Явдат Хасанович Ильясов

Башня молчания

Еще одна повесть о трудной судьбе, удачах и неудачах злосчастного шейха, поэта, ученого Абуль-Фатха Омара Хайяма, да не коснется его злословие недругов и друзей…

КНИГА ПЕЧАЛИ

В этом мире ты мудрым слывешь, – ну и что?
Всем пример и совет подаешь, – ну и что?
До ста лет ты намерен прожить? Допускаю,
Может быть, до двухсот проживешь. Ну и что?[1]

– …Саксаул? – неуверенно сказал проводник каравана…

– Да, пожалуй. Два сухих ствола сплелись. Ветвей мелких нет, их ветром снесло. Взгляни, отсюда – вроде голой женщины.
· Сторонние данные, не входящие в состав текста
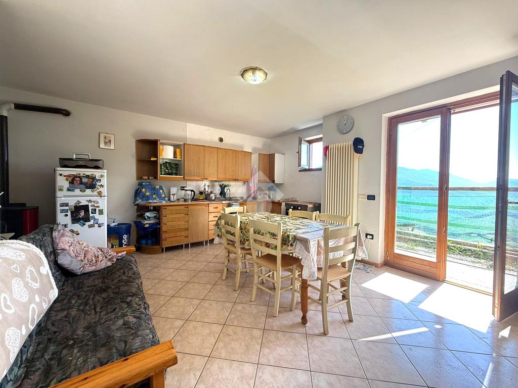 La zona giorno è composta da un ampio e luminoso soggiorno, ideale per godere della luce naturale per gran parte della giornata. Adiacente al soggiorno si trova un pratico cucinotto, con accesso ad un giardino/terrazzo con vista panoramica.

– Бывают же на свете чудеса! Сколько хожу с караванами, ничего такого не попадалось…

Ну до чего же похожа черная коряга на маленькую нагую женщину. Будто, закрыв глаза и склонив голову, она, замирая, слушает медный звон каравана. Даже волосы есть у нее, густые, пышные, – видно, какой-то суеверный проезжий набросил на корягу овечью шкуру. Всегда кусты у дорог увешены всякой всячиной… Дар местным духам…

И тут у Омара в голове зашумело, ноги затряслись. К горлу из груди подкатился и перекрыл дыхание тяжелый черный камень. Коряга… вздохнула, переступила с ноги на ногу – и… открыла глаза. И увидел Омар, что вовсе это не коряга, стоящая торчком, а именно женщина: нагая маленькая женщина.

– Ты… кто? – ошеломленный, не зная, что сказать, спросил Омар по-персидски и невольно протянул к ней руку.

В коротком испуганном взгляде он уловил крохотную искру любопытства к себе. Она, ощерив острые клыки, хрипло вскрикнула, мгновенно повернулась – и метнулась вниз, под бархан.

– Она… примерещилась мне? – пробормотал потерянно Омар, когда видение исчезло на юге, за гребнем далекого бархана.

– Не примерещилось. Я тоже видел, и все. Это нас-нас – пустынная дикая женщина. Слыхал?

– Слыхал. Но думал – сказка.

– Ну, теперь ты увидел своими глазами. Ты, братец, постарайся о ней забыть. Не то всю жизнь будешь болеть.

Он назвал ее, вместо грубой нас-нас, – Занге-Сахро, колокольчиком пустыни.

Мечта?

У каждого есть своя несбыточная Занге-Сахро…

Как давно это было! Двадцать четыре года назад в пору, когда юный Омар, покинув родной Нишапур, спешил за счастьем в славный Самарканд.

Но где оно, счастье?

«Мир не знал человека более одаренного, чем Аристотель.

Его глубочайший разум охватил и свел в единый круг все доступные в древности знания. Свои речи в Ликейской школе в Афинах он собрал в ста пятидесяти томах, среди которых – философская «Метафизика» и трактаты по логике, физике, зоологии, психологии: «Категории», «Об истолковании», «Аналитика», «Топика», «Физика», «О происхождении и уничтожении», «О небе», «О метеорологических вопросах», «История животных», «О возникновении животных», «О движении животных», «Трактат о душе».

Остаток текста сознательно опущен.